TASK GOAL: Among the entries below, find the line with "Smoked chopped brisket" and the line with "Маска Farmstay Visible". Return exactly those lines and every line between them, but no pictures.

——————————

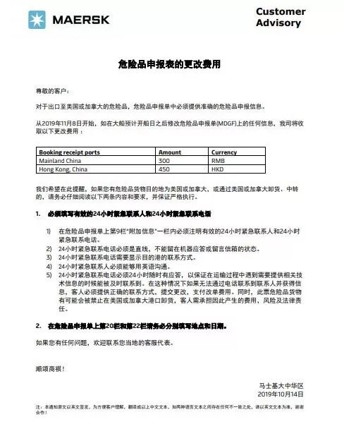出口至美國或加拿大的危險品,危險品申報單中必須提供準確的危險品申報信息。從2019年11月8日開始,如在大船預計開船日之后修改危險品申報單(MDGF)上的任何信息,馬士基將收取更改費。
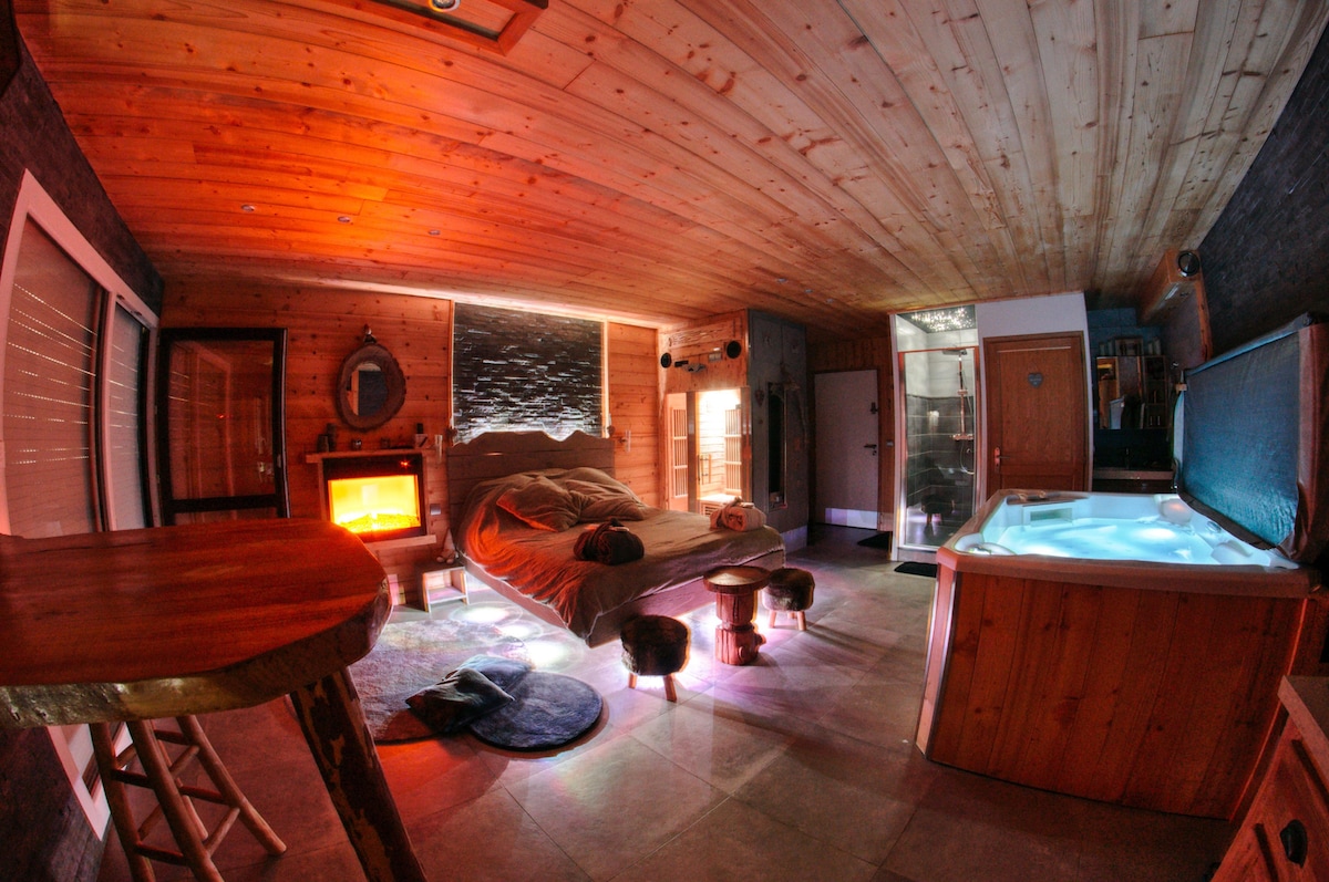 Chalet insolite sur pilotis avec spa privatif sur la terrasse (accessible toute l'année) au coeur d'un domaine en pleine nature, au milieu des pins. Au bord du lac de Serre-Poncon, à 30 min de la station de ski de Réallon et 45 min de la station des Orres. Salle de bain avec grande douche à l'italienne, wc séparés. Poêle à granules pour réchauffer vos soirées d'hiver. Petit déjeuner compris. Lit fait à l'arrivée, peignoir et serviettes fournis.
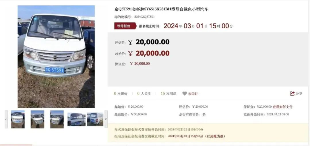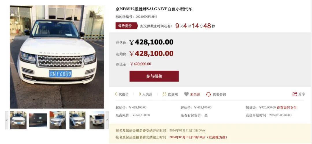 记者注意到,本次司法处置的小客车中,评估价最高为42.81万元,是一辆2015年的揽胜汽车。评估价最低的三辆车仅2万元,分别是2009年的金杯汽车、2006年的帕萨特汽车以及2007年的长安汽车。
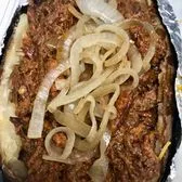Smoked chopped brisket with BBQ sauce, butter, Cheddar cheese topped with sauteed onions
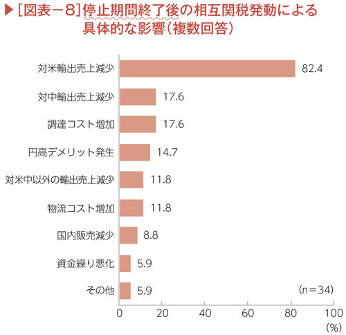 90日後の相互関税発動にともなってマイナスの影響が生じると見込んでいる先に、想定される具体的なマイナスの影響を尋ねたところ、「対米輸出売上減少」(82.4%)と回答する割合が圧倒的に高くなった(図表-8)。足元と比べると「対米輸出売上減少」の割合が26.4ポイント、「対米中以外の輸出売上減少」が3.8ポイント、「資金繰り悪化」が1.9ポイント、「調達コスト増加」が1.6ポイント増加している。相手国に関わらず輸出減少を懸念する企業が多いことがわかる。
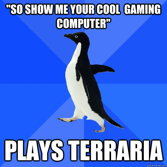 "So show me your cool gaming computer" plays terraria
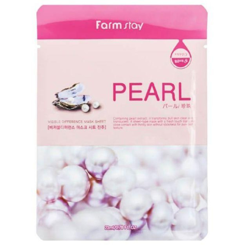 Маска Farmstay Visible Difference Mask Sheet Pearl - насыщает клетки полезными минералами и витаминами, выравнивает тон, делает кожу более упругой и подтянутой.
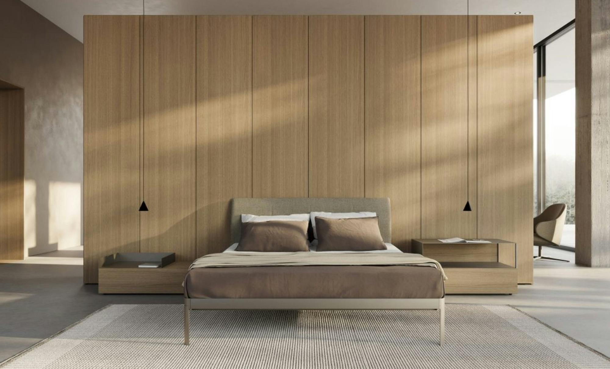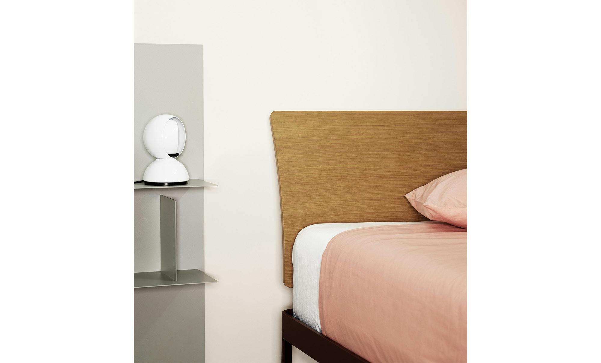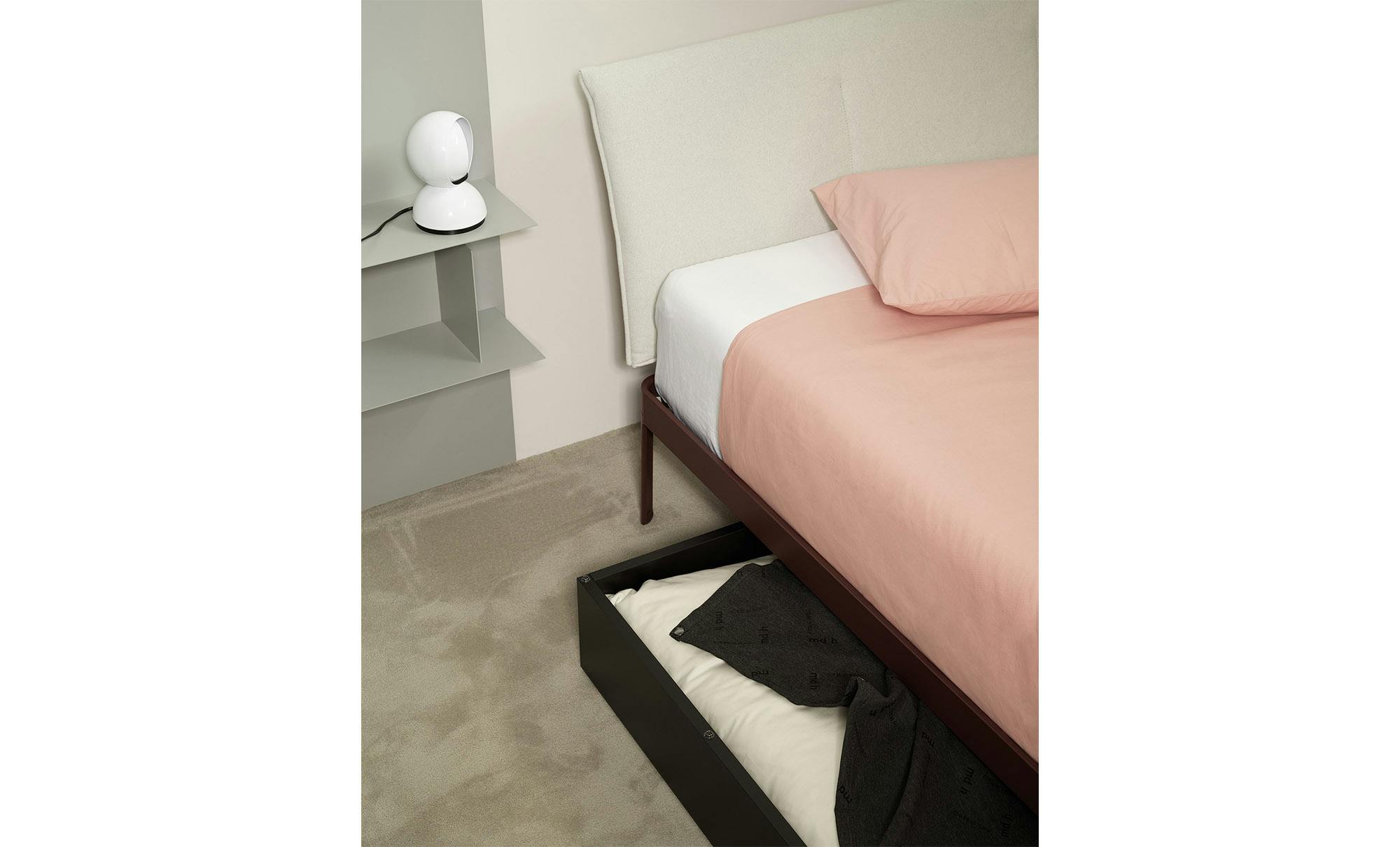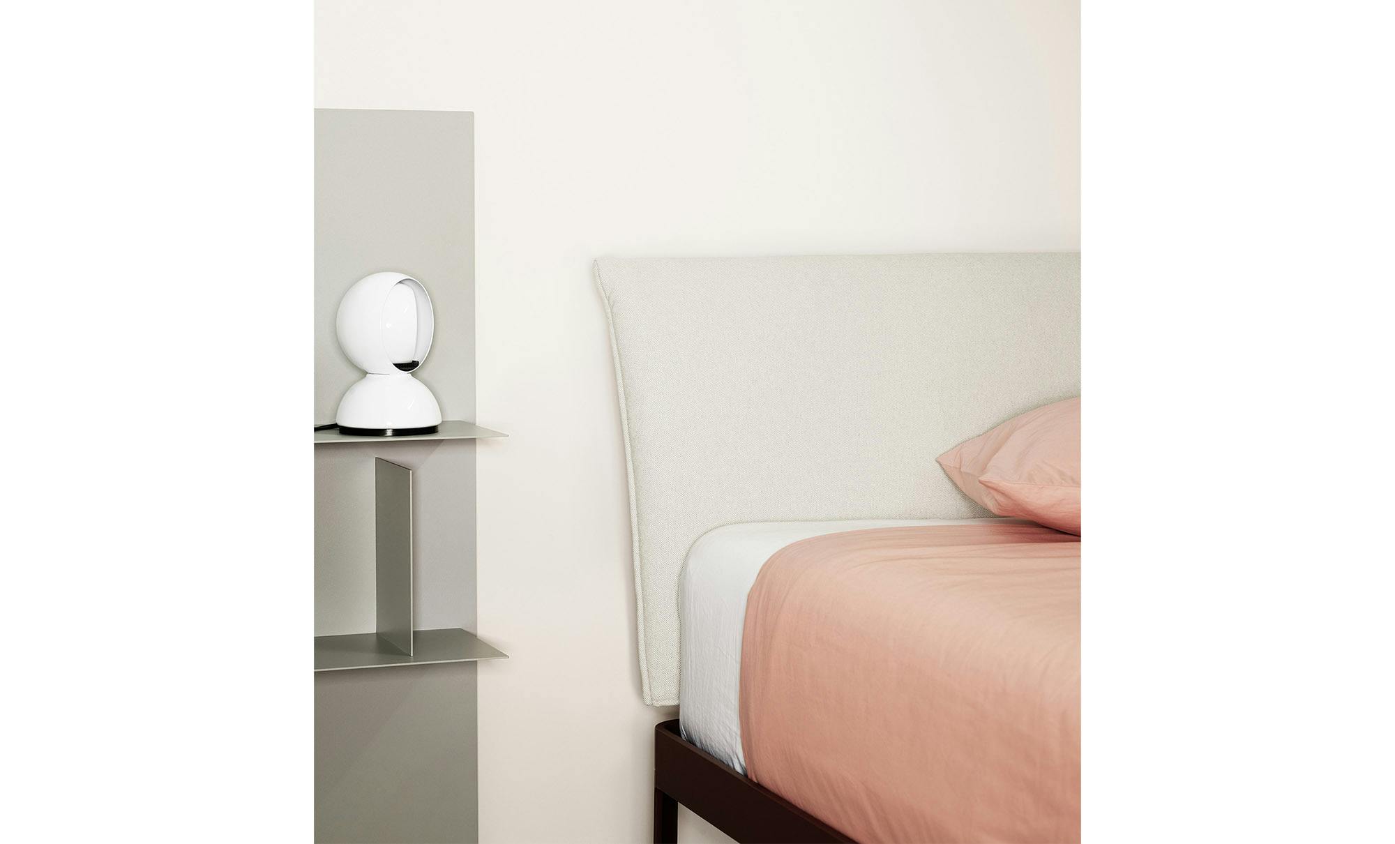 Reissue of the historic bed designed by Luciano Bertoncini in 2000. The structure is made of 100% recyclable aluminium, powder-coated, while the headboard is made of plywood or upholstered. Available in a compact package, is very simple to assemble and disassemble.

——————————

EXPECTED ANSWER:
Smoked chopped brisket with BBQ sauce, butter, Cheddar cheese topped with sauteed onions
 90日後の相互関税発動にともなってマイナスの影響が生じると見込んでいる先に、想定される具体的なマイナスの影響を尋ねたところ、「対米輸出売上減少」(82.4%)と回答する割合が圧倒的に高くなった(図表-8)。足元と比べると「対米輸出売上減少」の割合が26.4ポイント、「対米中以外の輸出売上減少」が3.8ポイント、「資金繰り悪化」が1.9ポイント、「調達コスト増加」が1.6ポイント増加している。相手国に関わらず輸出減少を懸念する企業が多いことがわかる。
 "So show me your cool gaming computer" plays terraria
 Маска Farmstay Visible Difference Mask Sheet Pearl - насыщает клетки полезными минералами и витаминами, выравнивает тон, делает кожу более упругой и подтянутой.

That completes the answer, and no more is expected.